#### [DATASET EXCERPT]
»»

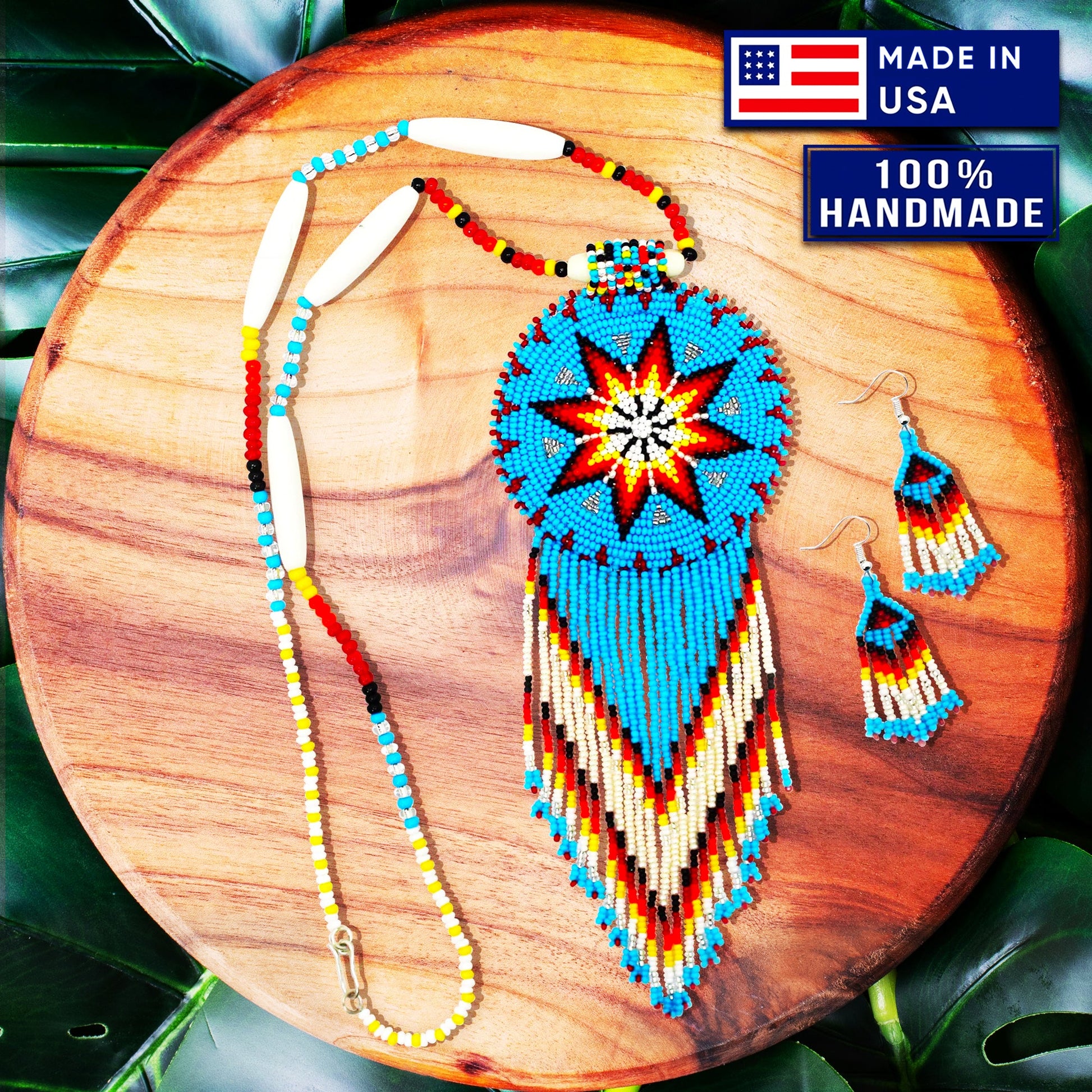 The necklace in a beaded Native American pattern Jewelry Set can come in different styles, such as a choker or a longer pendant necklace, and typically features a pendant that is also adorned with beads in a traditional Native American pattern.
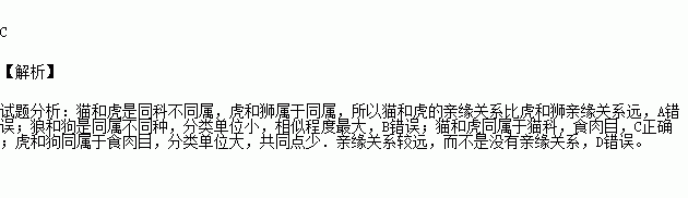 A.猫和虎的亲缘关系比虎和狮亲缘关系近
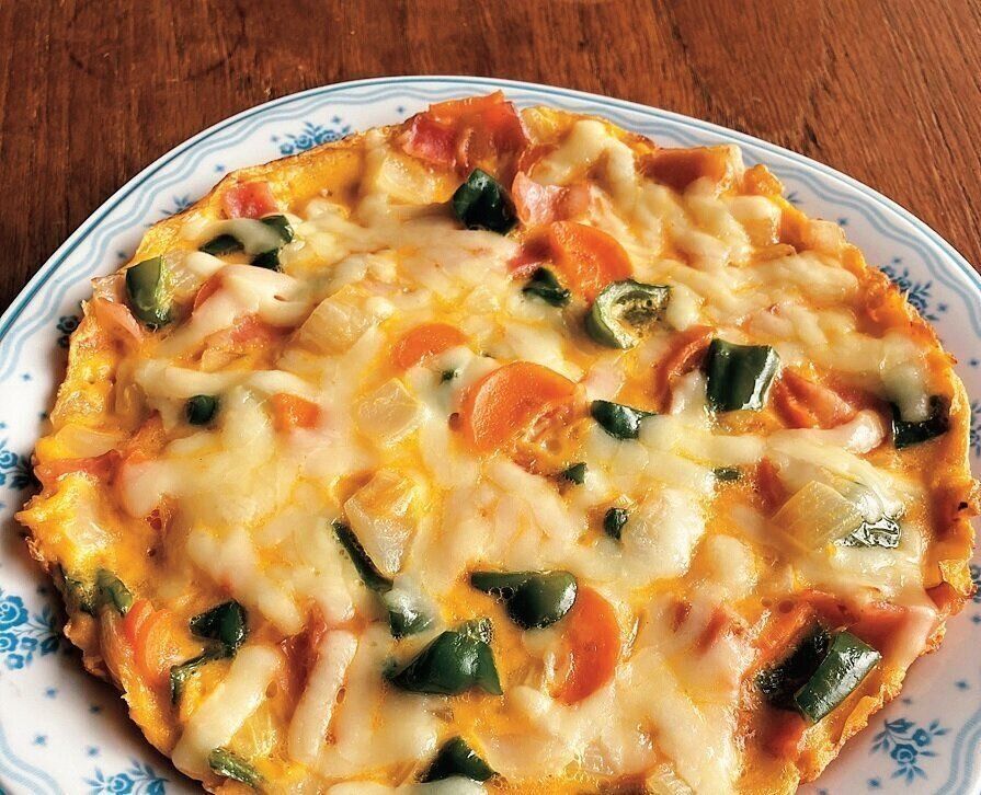 半端野菜を同じくらいの大きさに切って炒め、塩、こしょう、砂糖各少々を混ぜた溶き卵を流し入れてオムレツに。最後にピザ用チーズを散らして、チーズが余熱で溶けたら完成です。アルミカップに入れて、オーブントースターで焼き、おべんとうに入れてもGOOD!

««

#### [WHAT YOU HAVE TO DO]
Repeat the listing verbatim without its pictures.

#### [WRITTEN SOLUTION]
 The necklace in a beaded Native American pattern Jewelry Set can come in different styles, such as a choker or a longer pendant necklace, and typically features a pendant that is also adorned with beads in a traditional Native American pattern.
 A.猫和虎的亲缘关系比虎和狮亲缘关系近
 半端野菜を同じくらいの大きさに切って炒め、塩、こしょう、砂糖各少々を混ぜた溶き卵を流し入れてオムレツに。最後にピザ用チーズを散らして、チーズが余熱で溶けたら完成です。アルミカップに入れて、オーブントースターで焼き、おべんとうに入れてもGOOD!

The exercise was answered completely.